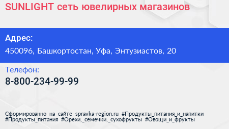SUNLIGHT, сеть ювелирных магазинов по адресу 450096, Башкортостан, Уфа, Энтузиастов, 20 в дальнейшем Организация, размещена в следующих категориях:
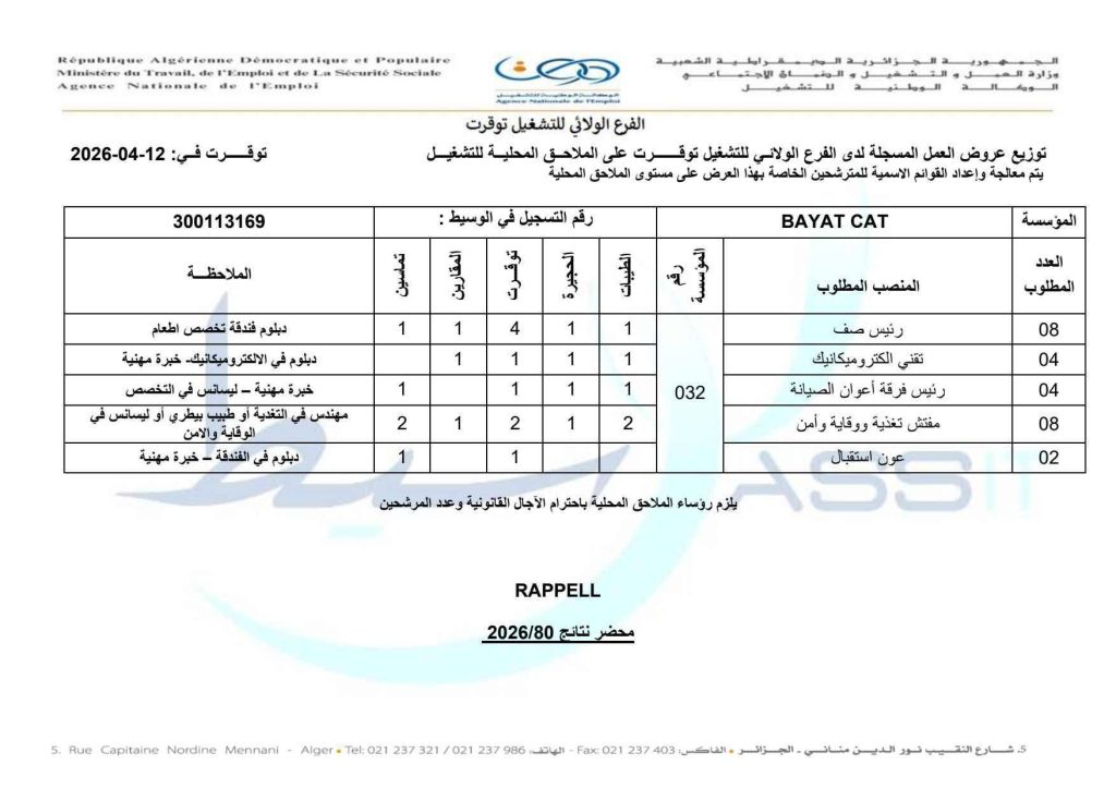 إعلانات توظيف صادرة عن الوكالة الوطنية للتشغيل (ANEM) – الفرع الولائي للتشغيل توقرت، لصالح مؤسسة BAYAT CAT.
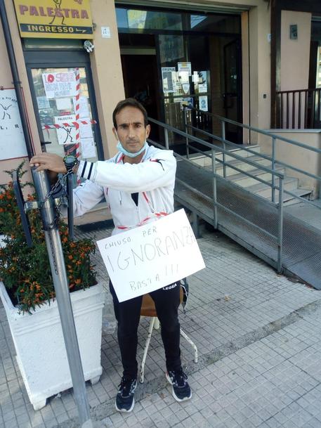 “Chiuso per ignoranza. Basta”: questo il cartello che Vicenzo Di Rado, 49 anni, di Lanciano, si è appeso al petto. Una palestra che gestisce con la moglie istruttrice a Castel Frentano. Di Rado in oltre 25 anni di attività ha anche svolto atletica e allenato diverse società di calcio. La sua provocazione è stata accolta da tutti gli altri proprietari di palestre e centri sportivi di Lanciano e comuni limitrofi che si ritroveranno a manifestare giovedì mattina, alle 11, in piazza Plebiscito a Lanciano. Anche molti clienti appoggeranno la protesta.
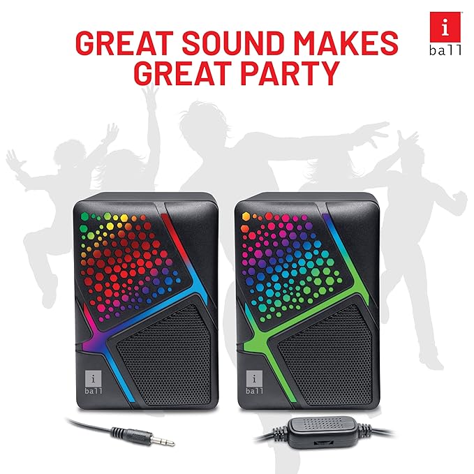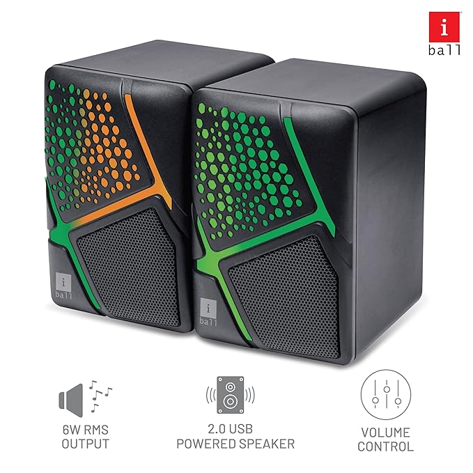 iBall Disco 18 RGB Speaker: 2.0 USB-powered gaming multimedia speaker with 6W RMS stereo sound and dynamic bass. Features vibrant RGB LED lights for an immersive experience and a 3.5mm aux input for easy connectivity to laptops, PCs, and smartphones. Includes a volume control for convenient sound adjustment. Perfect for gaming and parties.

* _Assigned task_
Please print the lines exactly, from the top of the material through the line with "إعلانات توظيف صادرة", and omit the pictures.

* _Finished task_
SUNLIGHT, сеть ювелирных магазинов по адресу 450096, Башкортостан, Уфа, Энтузиастов, 20 в дальнейшем Организация, размещена в следующих категориях:
 إعلانات توظيف صادرة عن الوكالة الوطنية للتشغيل (ANEM) – الفرع الولائي للتشغيل توقرت، لصالح مؤسسة BAYAT CAT.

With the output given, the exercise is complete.